### WHAT IS NEEDED
For the word "provides", count the lines below that contain it. Give the number alone.

### RAW DATA
____
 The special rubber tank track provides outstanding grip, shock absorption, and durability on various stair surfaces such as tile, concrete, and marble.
____
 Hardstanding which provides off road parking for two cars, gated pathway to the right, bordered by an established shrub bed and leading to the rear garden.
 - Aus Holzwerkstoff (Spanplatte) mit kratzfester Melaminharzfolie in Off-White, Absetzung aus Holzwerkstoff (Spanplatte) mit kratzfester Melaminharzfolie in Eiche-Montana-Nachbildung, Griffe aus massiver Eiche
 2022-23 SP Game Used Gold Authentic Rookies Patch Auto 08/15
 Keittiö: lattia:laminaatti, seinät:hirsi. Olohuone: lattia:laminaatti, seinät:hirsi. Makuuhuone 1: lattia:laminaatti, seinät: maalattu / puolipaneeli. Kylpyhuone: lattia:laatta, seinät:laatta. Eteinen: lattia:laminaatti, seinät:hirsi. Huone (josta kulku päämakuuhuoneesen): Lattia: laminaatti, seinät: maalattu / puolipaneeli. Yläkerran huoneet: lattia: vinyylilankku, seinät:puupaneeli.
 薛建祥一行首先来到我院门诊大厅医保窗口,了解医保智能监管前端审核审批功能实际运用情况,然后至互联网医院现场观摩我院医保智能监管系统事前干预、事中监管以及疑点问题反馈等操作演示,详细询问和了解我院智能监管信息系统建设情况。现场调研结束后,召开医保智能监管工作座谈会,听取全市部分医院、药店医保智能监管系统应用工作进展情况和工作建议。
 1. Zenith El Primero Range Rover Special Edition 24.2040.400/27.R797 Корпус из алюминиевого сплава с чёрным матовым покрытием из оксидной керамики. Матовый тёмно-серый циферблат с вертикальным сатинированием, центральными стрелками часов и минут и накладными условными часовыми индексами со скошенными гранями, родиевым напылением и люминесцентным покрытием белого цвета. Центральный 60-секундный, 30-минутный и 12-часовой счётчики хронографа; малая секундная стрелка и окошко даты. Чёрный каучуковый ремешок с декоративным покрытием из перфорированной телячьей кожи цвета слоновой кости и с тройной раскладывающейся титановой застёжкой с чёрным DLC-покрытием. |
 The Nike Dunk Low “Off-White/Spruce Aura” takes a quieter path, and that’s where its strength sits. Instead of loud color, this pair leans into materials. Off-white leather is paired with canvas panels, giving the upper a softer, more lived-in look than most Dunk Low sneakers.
____
### REPLY TO THE TASK
2